■ INFORMATION GIVEN:

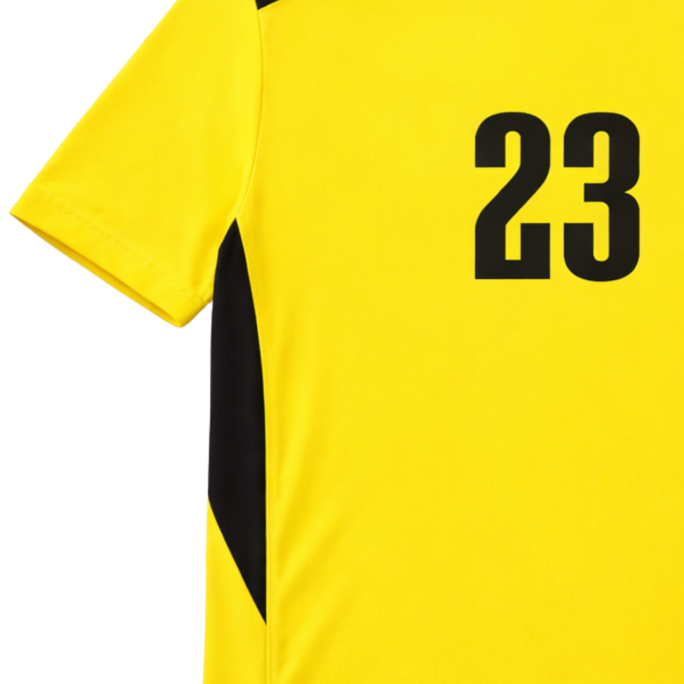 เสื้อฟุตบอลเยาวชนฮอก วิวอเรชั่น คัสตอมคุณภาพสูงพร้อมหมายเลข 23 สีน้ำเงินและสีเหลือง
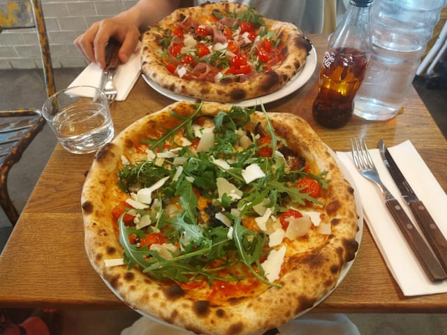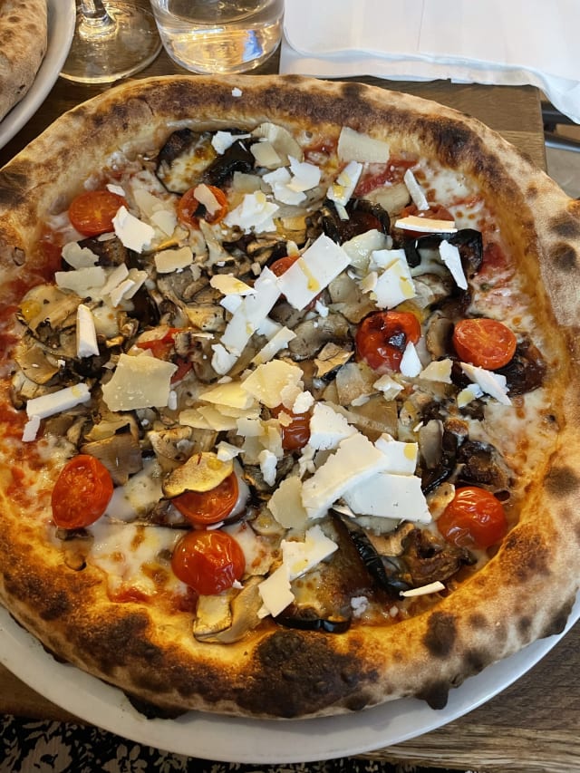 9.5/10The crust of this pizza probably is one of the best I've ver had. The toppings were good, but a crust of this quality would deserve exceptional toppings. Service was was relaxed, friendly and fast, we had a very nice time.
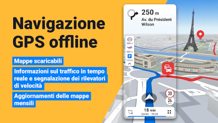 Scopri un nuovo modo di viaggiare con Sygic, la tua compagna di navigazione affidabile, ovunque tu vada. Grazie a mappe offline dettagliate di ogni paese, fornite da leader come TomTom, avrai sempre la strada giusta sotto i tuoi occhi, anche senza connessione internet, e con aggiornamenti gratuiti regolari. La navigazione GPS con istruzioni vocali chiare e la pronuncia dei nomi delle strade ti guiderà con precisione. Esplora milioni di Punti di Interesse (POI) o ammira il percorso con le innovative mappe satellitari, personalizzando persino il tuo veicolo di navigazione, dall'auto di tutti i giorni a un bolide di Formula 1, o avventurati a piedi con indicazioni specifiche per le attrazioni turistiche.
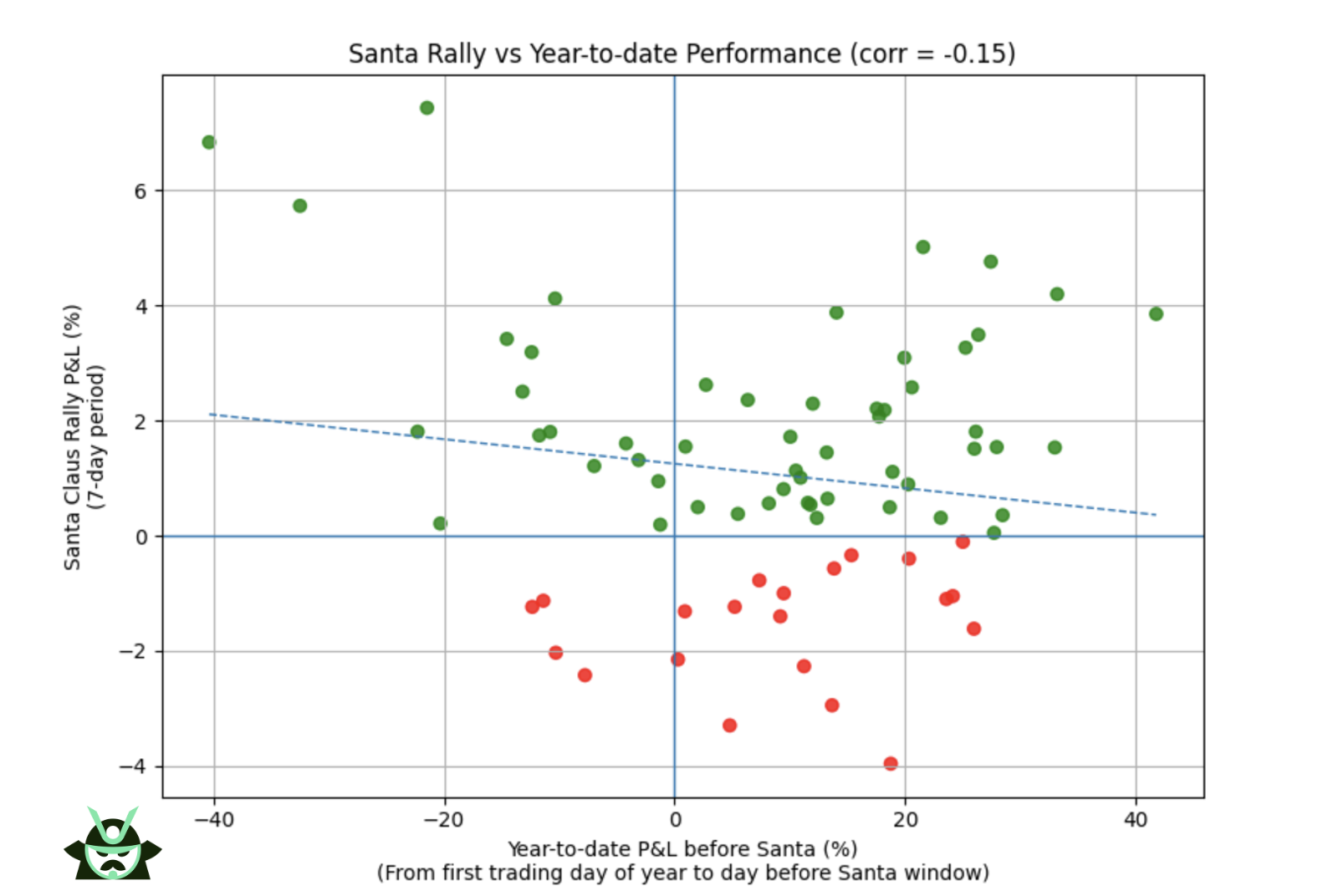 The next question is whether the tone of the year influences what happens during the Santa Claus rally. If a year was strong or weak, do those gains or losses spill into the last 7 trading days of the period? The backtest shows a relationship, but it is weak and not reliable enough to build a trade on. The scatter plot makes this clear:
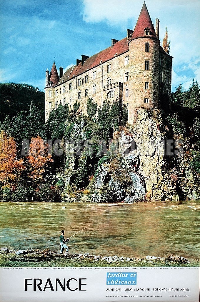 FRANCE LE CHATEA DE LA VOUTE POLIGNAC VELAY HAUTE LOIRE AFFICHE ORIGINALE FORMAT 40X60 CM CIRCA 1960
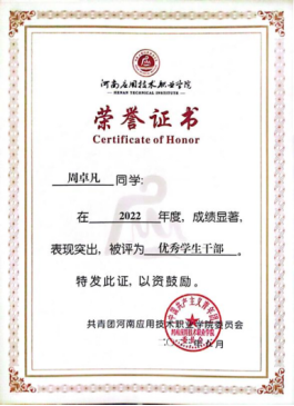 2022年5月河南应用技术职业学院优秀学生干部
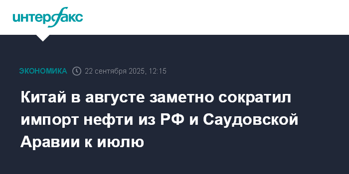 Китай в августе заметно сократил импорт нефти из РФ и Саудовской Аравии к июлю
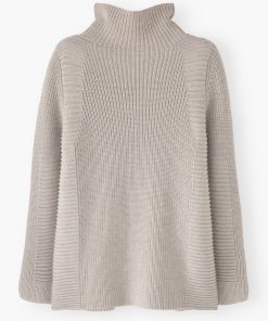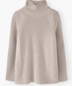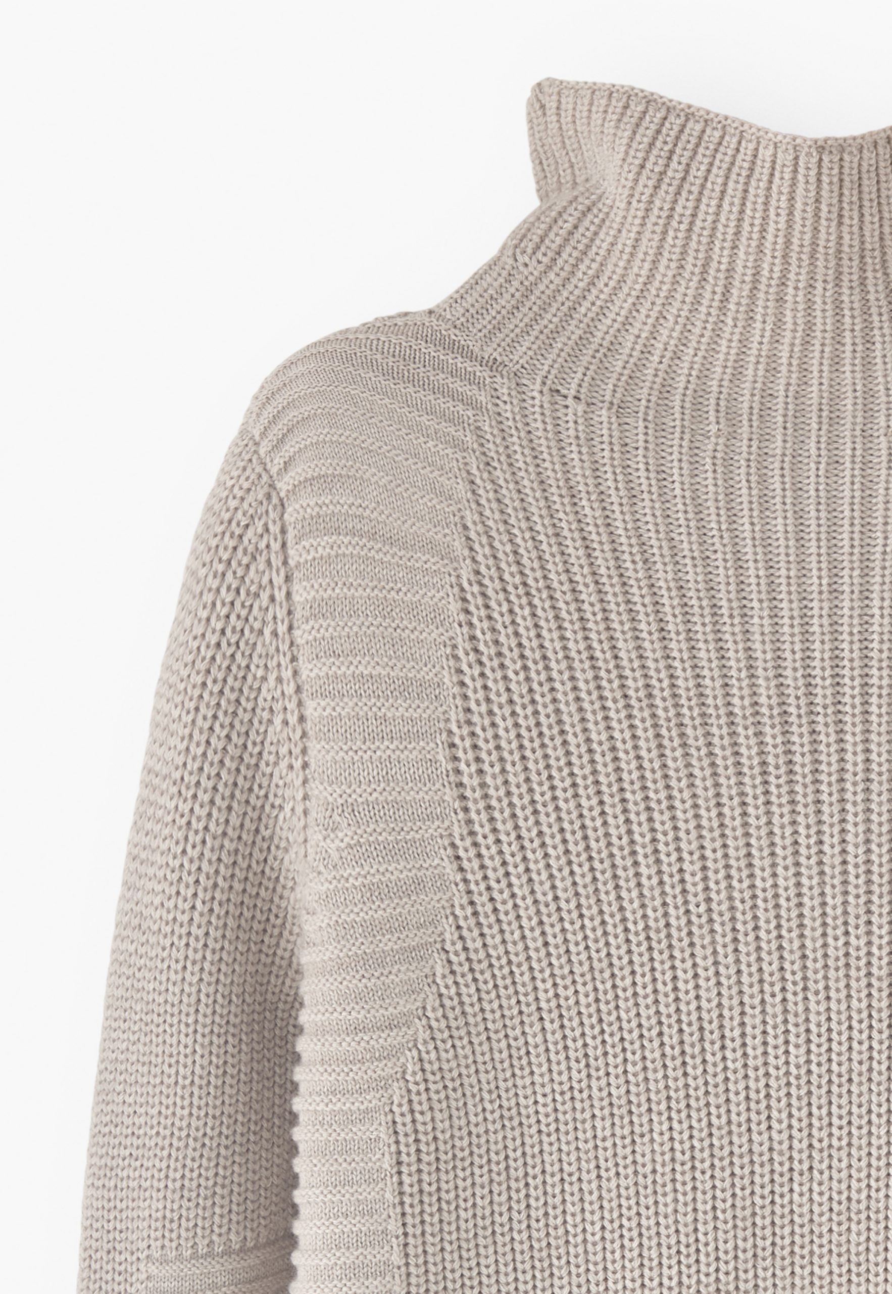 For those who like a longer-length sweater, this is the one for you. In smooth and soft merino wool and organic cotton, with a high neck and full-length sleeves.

■ WHAT THE TASK REQUIRES: Starting at the line that contains "2022年5月河南应用技术职业学院优秀学生干部", write out every line through the final line of the entries, word for word; skip any pictures.

■ OUTPUT OF THE TASK:
 2022年5月河南应用技术职业学院优秀学生干部
 Китай в августе заметно сократил импорт нефти из РФ и Саудовской Аравии к июлю
 For those who like a longer-length sweater, this is the one for you. In smooth and soft merino wool and organic cotton, with a high neck and full-length sleeves.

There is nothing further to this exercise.